Investor tertarik untuk mengetahui bagaimana anggaran pemerintah ke depan akan memastikan kesinambungan kebijakan Jokowi sambil mengakomodasi program-program unggulan Prabowo. "Kami tidak berpikir pemerintahan Prabowo akan menimbulkan kekhawatiran, terutama ketika pasar masih gelisah dan ada kekhawatiran tentang disiplin fiskal," komentar Brian Lee, ekonom Maybank Securities, seperti dilaporkan oleh BloombergNews.

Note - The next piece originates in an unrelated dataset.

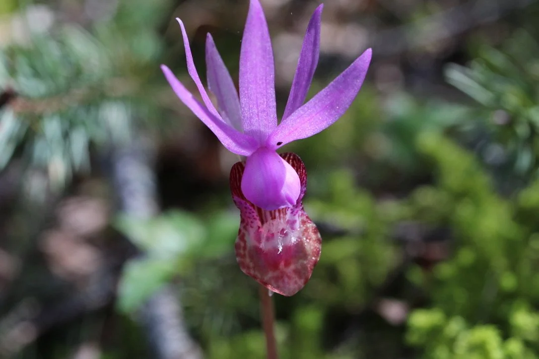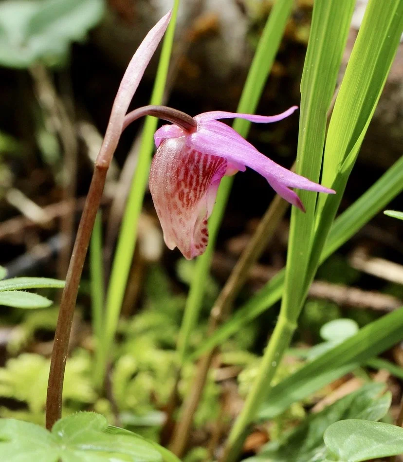 One of the earliest of the wildflowers to pop up, usually in early spring sometime around mid April. This orchid family member is bashful and likes to hide in the duff of the forests of the Northwest, though it is found all around the world. It is one of the most vivid in color of the orchids in our area.

Perhitungan dari BloombergEconomics menunjukkan bahwa jika Prabowo mempertahankan defisit anggaran sebesar 3 persen dari PDB, utang akan tetap stabil di kisaran 40 persen dari PDB. Asumsi ini dibuat dengan memperkirakan suku bunga akan sejalan dengan kurva pasar dan tidak ada gangguan signifikan terhadap mata uang atau pertumbuhan ekonomi Indonesia.
Namun, dalam skenario defisit fiskal sebesar 4 persen dari PDB atau lebih, utang akan terus meningkat setidaknya hingga tahun 2050, bukannya stabil. Menaikkan rasio utang menjadi 50 persen dari PDB pada akhir masa jabatan lima tahun Prabowo akan membutuhkan defisit anggaran lebih dari 5 persen dari PDB, menurut estimasi ekonom BloombergEconomics, Tamara Mast Henderson. (*)
Berita atau informasi yang Anda baca membahas emiten atau saham tertentu berdasarkan data yang tersedia dari keterbukaan informasi PT Bursa Efek Indonesia dan sumber lain yang dapat dipercaya. Konten ini tidak dimaksudkan sebagai ajakan untuk membeli atau menjual saham tertentu. Selalu lakukan riset mandiri dan konsultasikan keputusan investasi Anda dengan penasihat keuangan profesional. Pastikan Anda memahami risiko dari setiap keputusan investasi yang diambil.